If the jury believed that Evans made the reply attributed to him, it was justified in finding that he had guilty knowledge.

After the jury had deliberated for more than two hours, it reported to the court that an eleven to one division had existed for a considerable period of time. The trial judge, upon his own motion, then stated to the jury:

It is important that a jury reach a verdict in the trial of this case. A hung jury means a continuation of the case and a delay in the administration of justice.
Under your oath as jurors you have obligated yourselves to render a verdict in agreement with the law and evidence. In your deliberations you should weigh and discuss the evidence and make every reasonable effort to harmonize your individual views of the merits of the case.
*339Each of you should give due consideration to the views and opinions of the other jurors who disagree with your opinions and views. No juror should surrender his sincere beliefs in order to reach a verdict; to the contrary, the verdict should be the result of each juror’s free and voluntary opinion.
By what I have said as to the importance of the jury reaching] a verdict, I do not intend to suggest or require that you surrender your conscientious convictions, only that each of you make every sincere effort to reach a proper verdict. Therefore, I request the jury retire for further deliberations.
If there are no questions, you may return to the jury room and resume your deliberations.

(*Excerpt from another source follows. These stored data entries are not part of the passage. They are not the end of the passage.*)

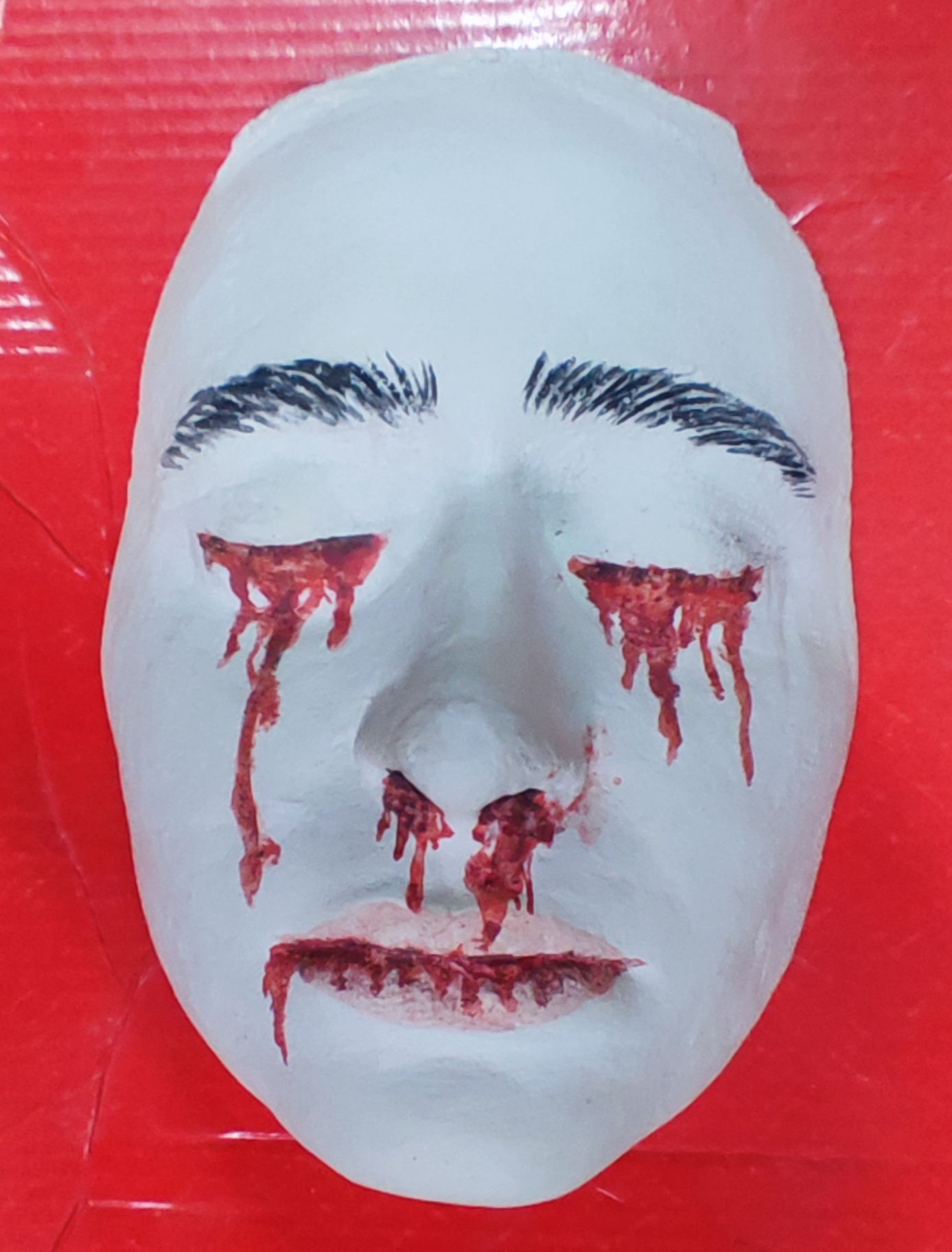 Mit Gipsbinden direkt vom Gesicht abgeformt, anschließend als Positivform ausgegossen, bearbeitet und von Hand bemalt, um Ausdruck und Charakter künstlerisch hervorzuheben.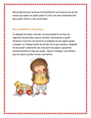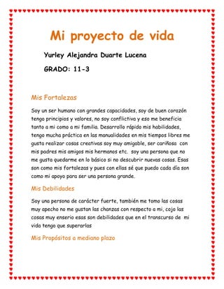 El documento presenta el proyecto de vida de Yurley Alejandra Duarte Lucena. Describe sus fortalezas como ser humano con capacidades y buen corazón, sus principios y valores, y habilidades manuales. También expone sus debilidades como su carácter fuerte y tomarse las cosas muy en serio. Sus propósitos a mediano plazo incluyen terminar el bachillerato con honores y pasar el examen ICFES con buenos resultados para entrar a la universidad. Sus metas a largo plazo comprenden estudiar ingeniería de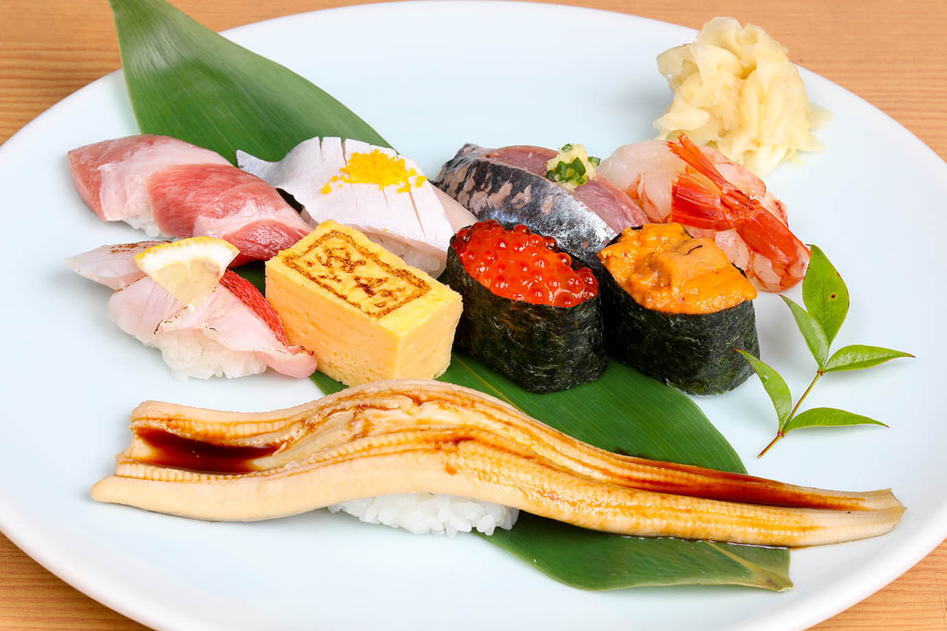 板さんおすすめ3800円はトロ、ウニ、イクラ、旬の地魚、穴子の一本にぎりがセットになっています。煮穴子がやわらかく、口の中でとろけるよう。

The jury then deliberated for about 30 minutes and reported that a verdict had not been reached and asked instructions. Since it was after 5:00 p.m., the court dismissed the jury for the day, but directed it to resume deliberations at 9:30 the following morning. The verdict was returned after nine minutes’ deliberation on that day. Appellant contends that the instruction given amounted to a directed verdict, and was coercive in nature. We do not agree. An admonition to the jury as to its duty to return a verdict, without any expression of the court’s opinion as to the weight of the evidence, or any change in instructions previously given, or suggestion that any juror yield his individual convictions to reach a verdict is not improper. Hardin v. State, 225 Ark. 602, 284 S.W. 2d 111. Here, the circuit court clearly stated that the verdict should be the result of each juror’s free and voluntary opinion and concluded its remarks with emphasis upon the proposition that no juror should surrender his sincere beliefs in order to reach a verdict, and only suggested that each juror make a sincere effort to reach a verdict. Since a hung jury renders no decision at all, and retrials are grievously burdensome to all concerned and since some jury would have had to reach a decision at some future date, the circuit judge should be commended rather than condemned for the action taken here. We have long recognized *340that it is the duty of a trial judge to make plain the obligation of a jury to arrive at a verdict consistent with the facts and concurring with the individual convictions of each juror. Whitley v. State, 114 Ark. 243, 169 S.W. 952. The court did not advise the jury that there was no conflict in the testimony, or that the law was plain and simple, so that the only thing left to the jurors was embodied in their oath, as was the case in Parker v. State, 130 Ark. 234, 197 S.W. 283, relied upon by appellant. Much stronger admonitions than the one given here have been approved. See McGaha v. State, 216 Ark. 165, 224 S.W. 2d 534; Mynett v. State, 179 Ark. 1199, 18 S.W. 2d 335; Benson v. State, 149 Ark. 633, 233 S.W. 758; Mallory v. State, 141 Ark. 496, 217 S.W. 482.

Since we find no error, the judgment is affirmed.